Drinking alcohol and smoking tobacco cigarettes throughout the first trimester of pregnancy is associated with nearly three times the risk of late stillbirth (at 28 or more weeks), compared to women who neither drink or smoke during pregnancy or quit both before the end of the first trimester, according to a study funded by the National Institutes of Health. Although prenatal smoking is known to increase stillbirth risk, the researchers conducted the study to examine how smoking combined with alcohol use might influence the risk. The researchers also confirmed the higher stillbirth risk from alcohol alone, which has been suggested by earlier, less comprehensive studies.
The study was conducted by researchers in the Prenatal Alcohol in SIDS and Stillbirth (PASS) Network and appears in JAMA Network Open. Funding was provided by NIH's Eunice Kennedy Shriver National Institute of Child Health and Human Development (NICHD), National Institute on Alcohol Abuse and Alcoholism (NIAAA), and National Institute on Deafness and Other Communication Disorders (NIDCD).
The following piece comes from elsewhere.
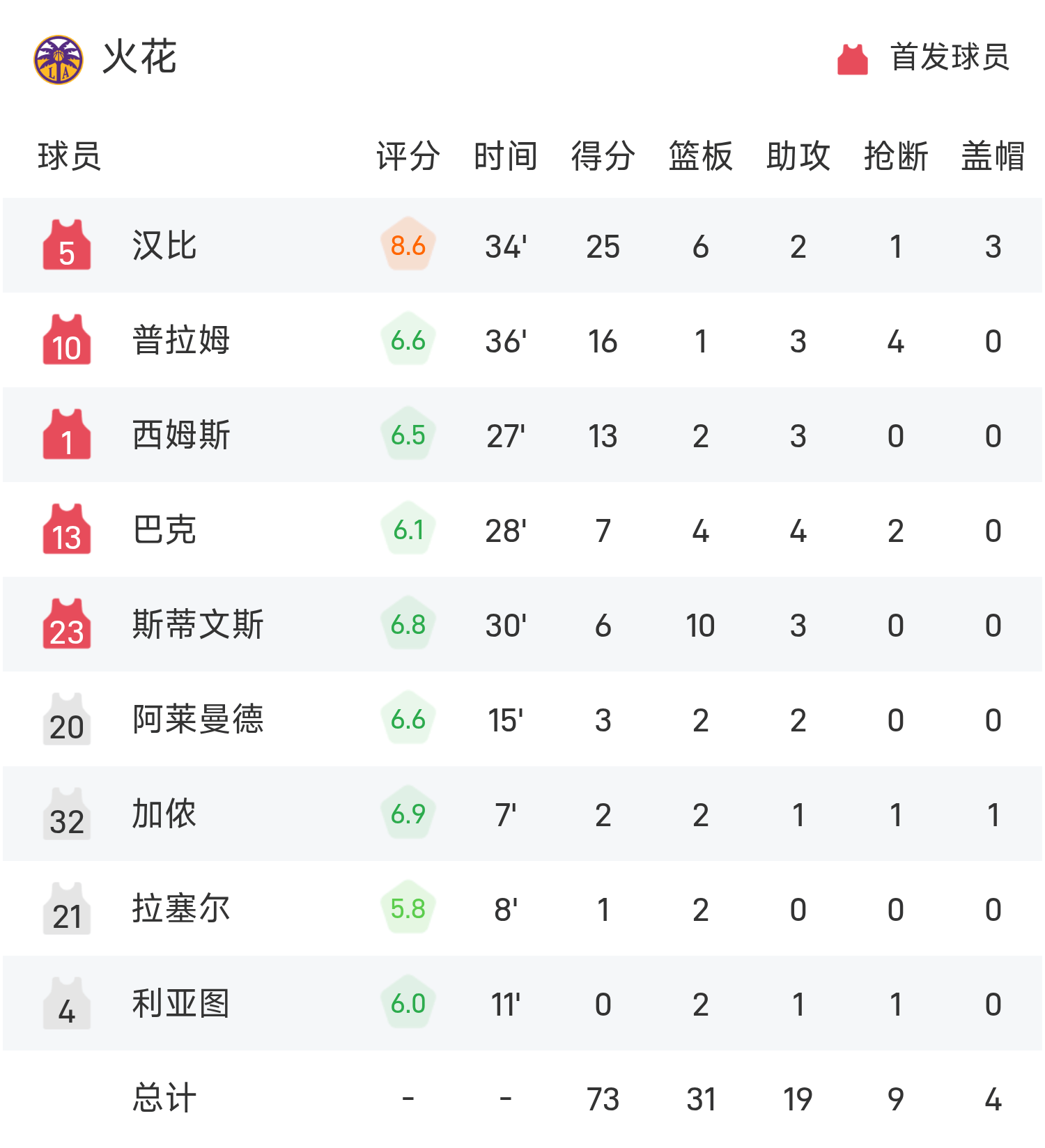 05月24日讯 25赛季WNBA 常规赛,火花对阵女武神。双方全场战罢,火花73-82不敌女武神。雷特得到19分2板3助率队取胜,汉比空砍全场最高的25分6板2助。

The study followed nearly 12,000 pregnancies among more than 8,500 women in South Africa and the U.S. Northern Plains. Compared to the pregnancies of women who did not drink or smoke or who quit both before the second trimester, women who drank and smoked through the first trimester and beyond had 2.78 times the risk for late stillbirth. Previously, the PASS Network found that the risk of Sudden Infant Death Syndrome, or SIDS, was 12 times higher in pregnancies exposed to maternal drinking and smoking past the first trimester.
NIAAA warns against drinking any alcohol during pregnancy because it can result in birth defects and neurodevelopmental abnormalities. The U.S. Centers for Disease Control and Prevention notes that smoking during pregnancy increases the risk for pregnancy complications, preterm birth, sudden infant death syndrome and infant health problems.
Odendaal, H., et al. (2021) Association of prenatal exposure to maternal drinking and smoking with the risk of stillbirth. JAMA Network Open. doi.org/10.1001/jamanetworkopen.2021.21726.